[RECORDS PROVIDED Boundary: Start]
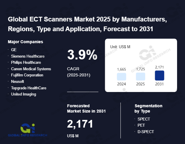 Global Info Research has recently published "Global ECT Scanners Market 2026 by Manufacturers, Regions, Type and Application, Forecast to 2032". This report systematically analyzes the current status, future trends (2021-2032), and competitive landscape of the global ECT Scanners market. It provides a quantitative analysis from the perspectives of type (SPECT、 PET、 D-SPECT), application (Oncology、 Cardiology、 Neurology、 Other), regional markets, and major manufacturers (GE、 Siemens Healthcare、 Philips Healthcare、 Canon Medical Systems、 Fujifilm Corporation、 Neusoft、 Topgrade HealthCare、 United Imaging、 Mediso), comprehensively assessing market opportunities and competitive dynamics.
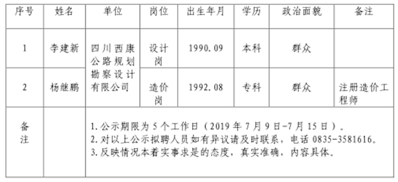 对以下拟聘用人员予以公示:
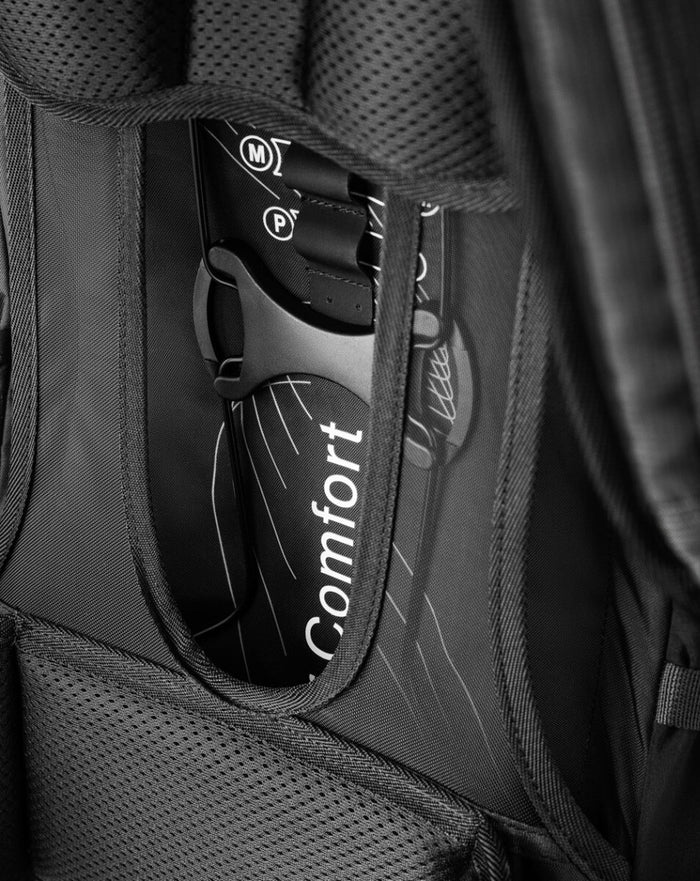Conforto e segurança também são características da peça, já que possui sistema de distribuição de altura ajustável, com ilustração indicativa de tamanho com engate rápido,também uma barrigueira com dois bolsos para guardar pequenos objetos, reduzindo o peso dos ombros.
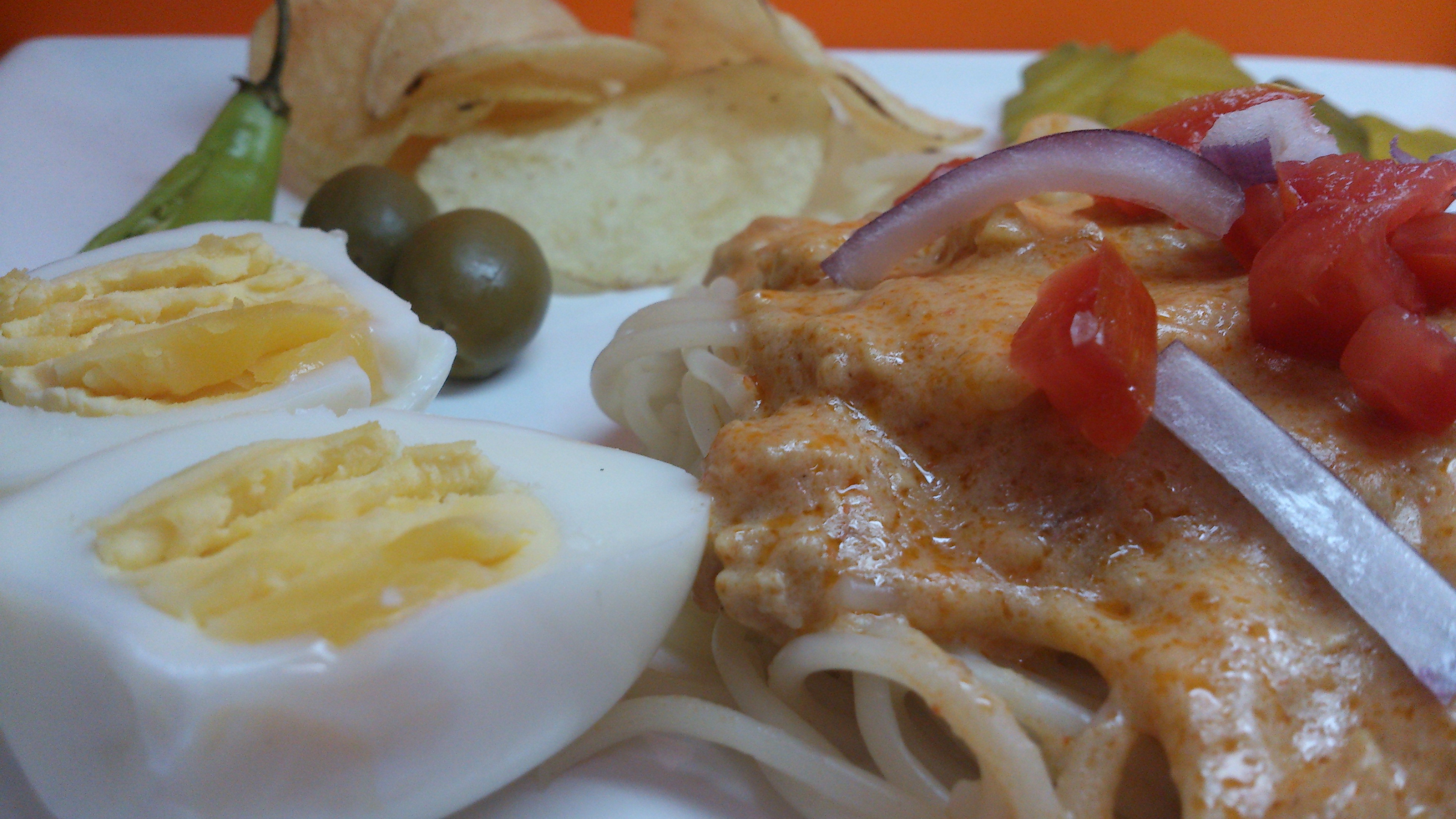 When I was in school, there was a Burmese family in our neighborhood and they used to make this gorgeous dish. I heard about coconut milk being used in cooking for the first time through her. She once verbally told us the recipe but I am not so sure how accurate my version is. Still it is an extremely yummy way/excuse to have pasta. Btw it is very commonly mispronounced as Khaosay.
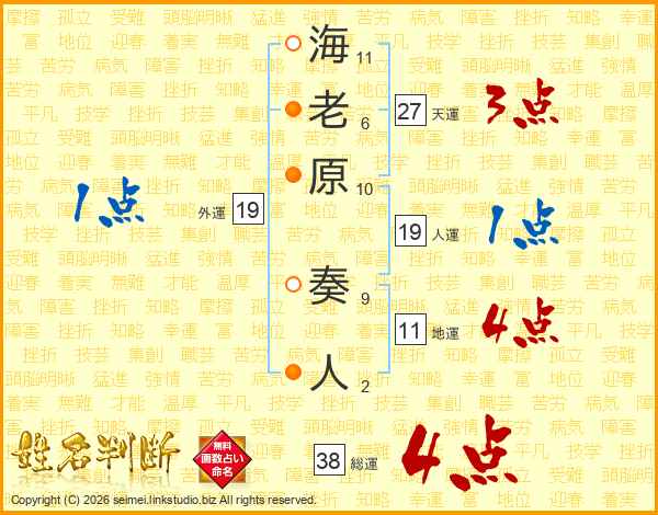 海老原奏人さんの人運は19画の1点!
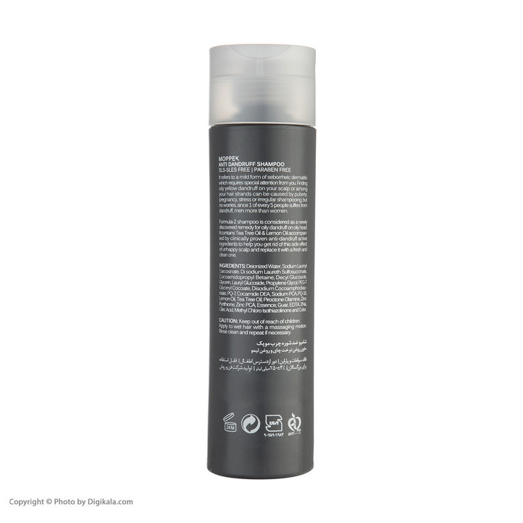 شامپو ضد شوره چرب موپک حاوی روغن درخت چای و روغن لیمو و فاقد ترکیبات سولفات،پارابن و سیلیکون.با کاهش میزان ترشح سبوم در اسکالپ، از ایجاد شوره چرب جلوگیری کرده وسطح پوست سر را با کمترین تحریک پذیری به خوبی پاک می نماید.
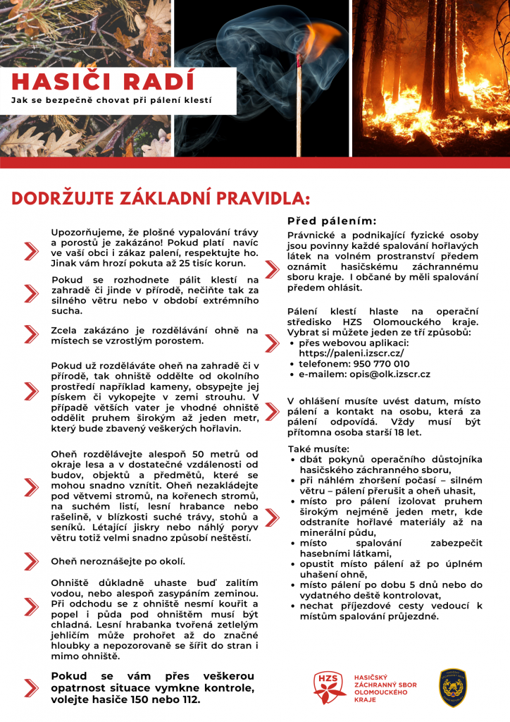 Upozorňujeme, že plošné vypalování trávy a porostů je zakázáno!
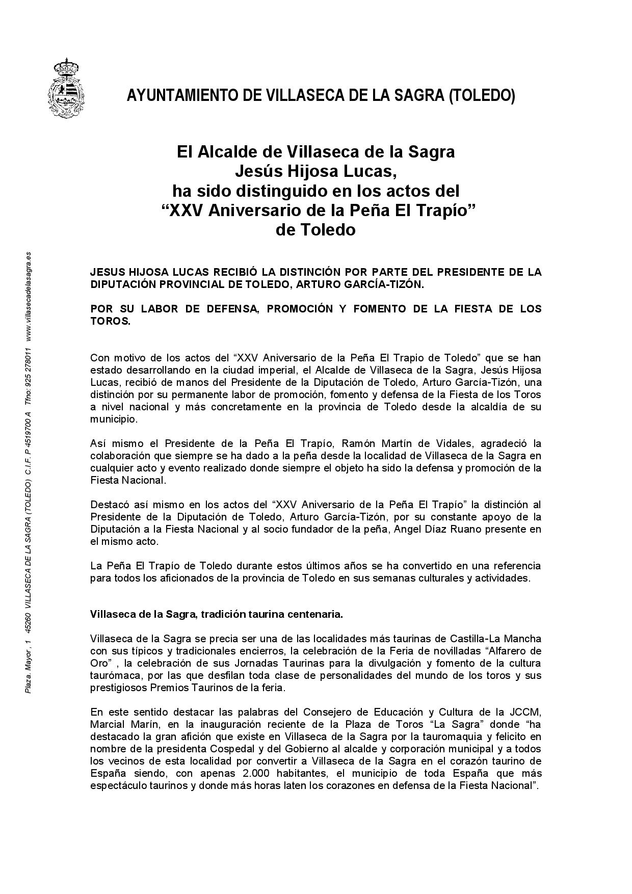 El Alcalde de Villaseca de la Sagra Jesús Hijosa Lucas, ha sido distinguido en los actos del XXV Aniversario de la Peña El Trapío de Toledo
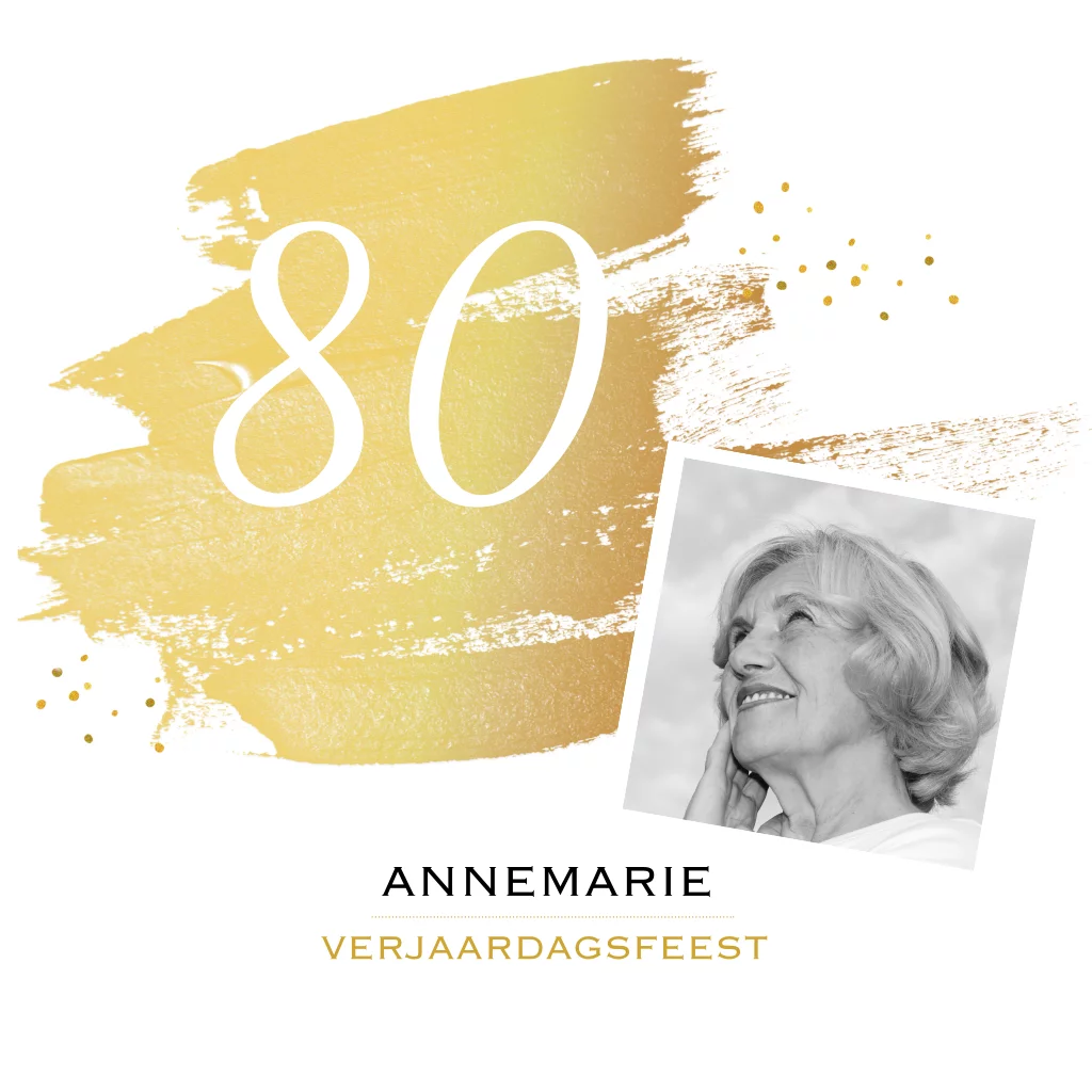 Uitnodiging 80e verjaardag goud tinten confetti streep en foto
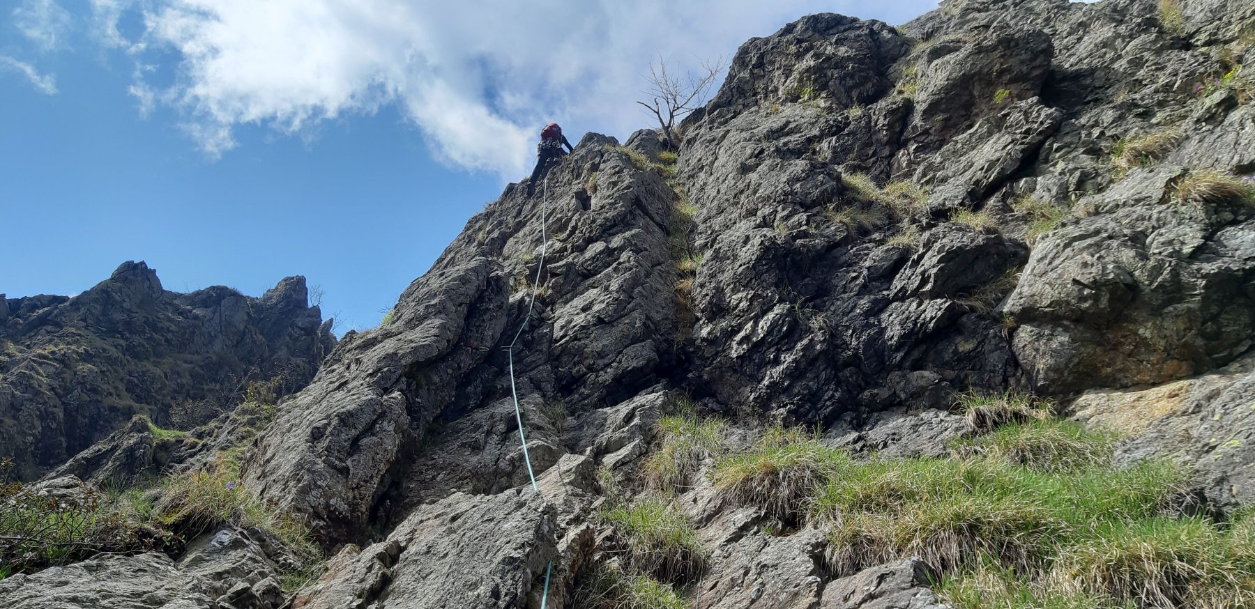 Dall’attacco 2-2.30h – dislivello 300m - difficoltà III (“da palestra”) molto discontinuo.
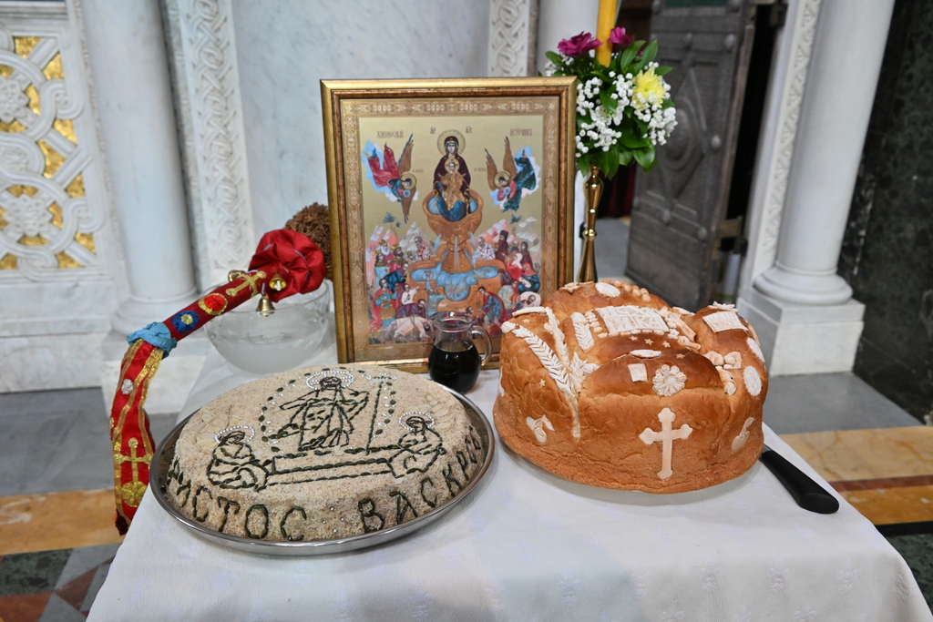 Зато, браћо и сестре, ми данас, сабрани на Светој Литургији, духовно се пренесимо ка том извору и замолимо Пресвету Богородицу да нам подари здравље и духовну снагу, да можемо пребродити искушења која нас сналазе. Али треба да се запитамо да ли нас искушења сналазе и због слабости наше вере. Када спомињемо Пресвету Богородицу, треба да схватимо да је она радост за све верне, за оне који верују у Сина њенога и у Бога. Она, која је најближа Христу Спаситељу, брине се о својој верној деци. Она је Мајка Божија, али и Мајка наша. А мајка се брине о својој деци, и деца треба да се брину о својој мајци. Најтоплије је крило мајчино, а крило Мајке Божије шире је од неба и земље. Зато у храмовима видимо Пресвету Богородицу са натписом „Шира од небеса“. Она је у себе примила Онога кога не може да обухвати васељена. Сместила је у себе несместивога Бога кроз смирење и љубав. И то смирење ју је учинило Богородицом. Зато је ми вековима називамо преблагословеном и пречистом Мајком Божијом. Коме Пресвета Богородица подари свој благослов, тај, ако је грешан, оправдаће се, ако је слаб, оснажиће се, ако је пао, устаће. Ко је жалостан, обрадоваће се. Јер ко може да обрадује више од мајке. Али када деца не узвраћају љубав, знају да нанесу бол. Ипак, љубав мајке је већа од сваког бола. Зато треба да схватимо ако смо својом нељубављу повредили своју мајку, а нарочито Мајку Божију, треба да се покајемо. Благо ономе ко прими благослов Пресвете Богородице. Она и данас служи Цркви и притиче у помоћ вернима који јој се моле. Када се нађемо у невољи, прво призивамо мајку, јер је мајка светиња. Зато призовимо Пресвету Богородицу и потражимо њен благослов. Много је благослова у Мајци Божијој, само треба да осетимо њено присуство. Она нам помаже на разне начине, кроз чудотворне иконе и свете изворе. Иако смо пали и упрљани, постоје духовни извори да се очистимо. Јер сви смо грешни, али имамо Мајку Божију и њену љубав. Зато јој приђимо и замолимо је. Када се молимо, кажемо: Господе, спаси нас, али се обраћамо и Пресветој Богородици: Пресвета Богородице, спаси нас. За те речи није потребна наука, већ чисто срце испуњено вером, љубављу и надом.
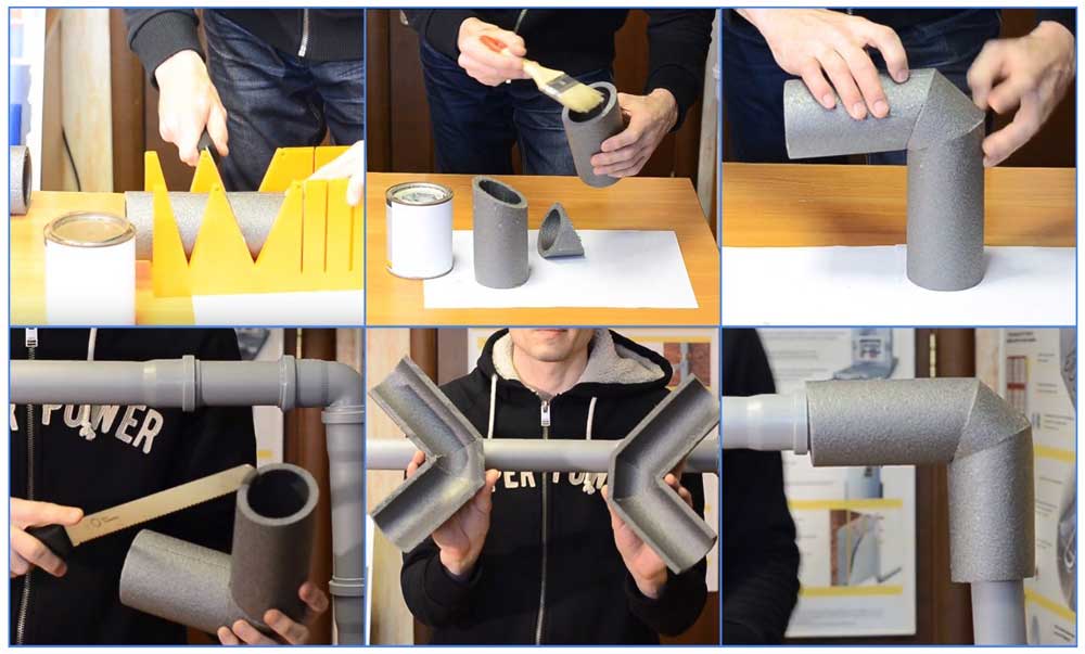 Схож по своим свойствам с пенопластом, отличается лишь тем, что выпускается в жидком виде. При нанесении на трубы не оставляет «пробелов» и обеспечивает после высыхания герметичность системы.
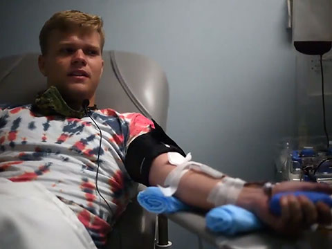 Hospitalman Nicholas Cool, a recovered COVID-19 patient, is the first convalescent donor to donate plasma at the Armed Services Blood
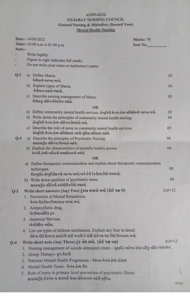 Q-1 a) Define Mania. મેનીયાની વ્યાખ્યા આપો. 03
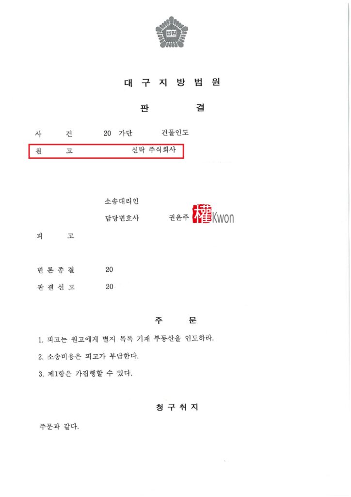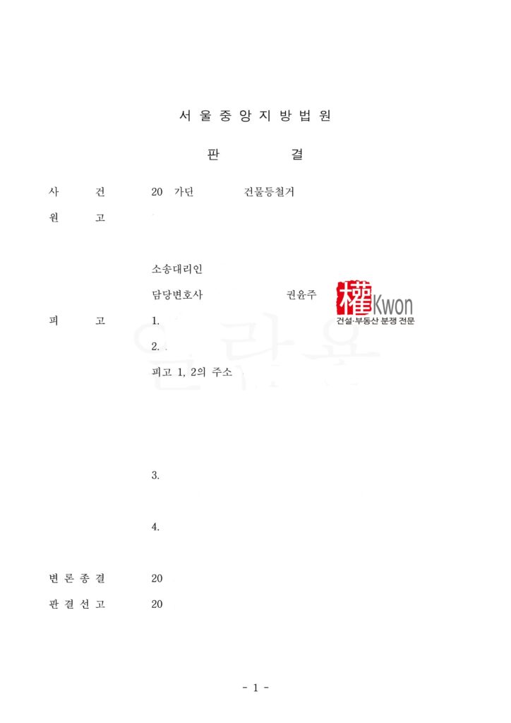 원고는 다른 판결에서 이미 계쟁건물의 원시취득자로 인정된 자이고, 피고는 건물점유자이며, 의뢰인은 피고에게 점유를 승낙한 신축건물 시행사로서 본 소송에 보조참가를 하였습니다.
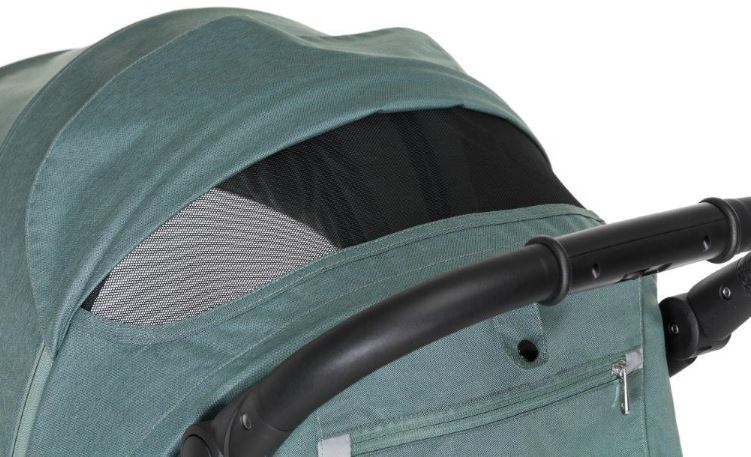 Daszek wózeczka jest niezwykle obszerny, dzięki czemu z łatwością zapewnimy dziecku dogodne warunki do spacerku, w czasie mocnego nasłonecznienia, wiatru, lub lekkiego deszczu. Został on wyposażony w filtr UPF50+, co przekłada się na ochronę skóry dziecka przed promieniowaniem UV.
[RECORDS PROVIDED Boundary: End]
* [WHAT THE EXERCISE ASKS]: All lines above from the one containing "El Alcalde de" up to and including the one containing "Dall’attacco 2-2.30h –" are to be set down exactly, and nothing else. Leave images out.

* [WRITTEN RESPONSE]:
 El Alcalde de Villaseca de la Sagra Jesús Hijosa Lucas, ha sido distinguido en los actos del XXV Aniversario de la Peña El Trapío de Toledo
 Uitnodiging 80e verjaardag goud tinten confetti streep en foto
 Dall’attacco 2-2.30h – dislivello 300m - difficoltà III (“da palestra”) molto discontinuo.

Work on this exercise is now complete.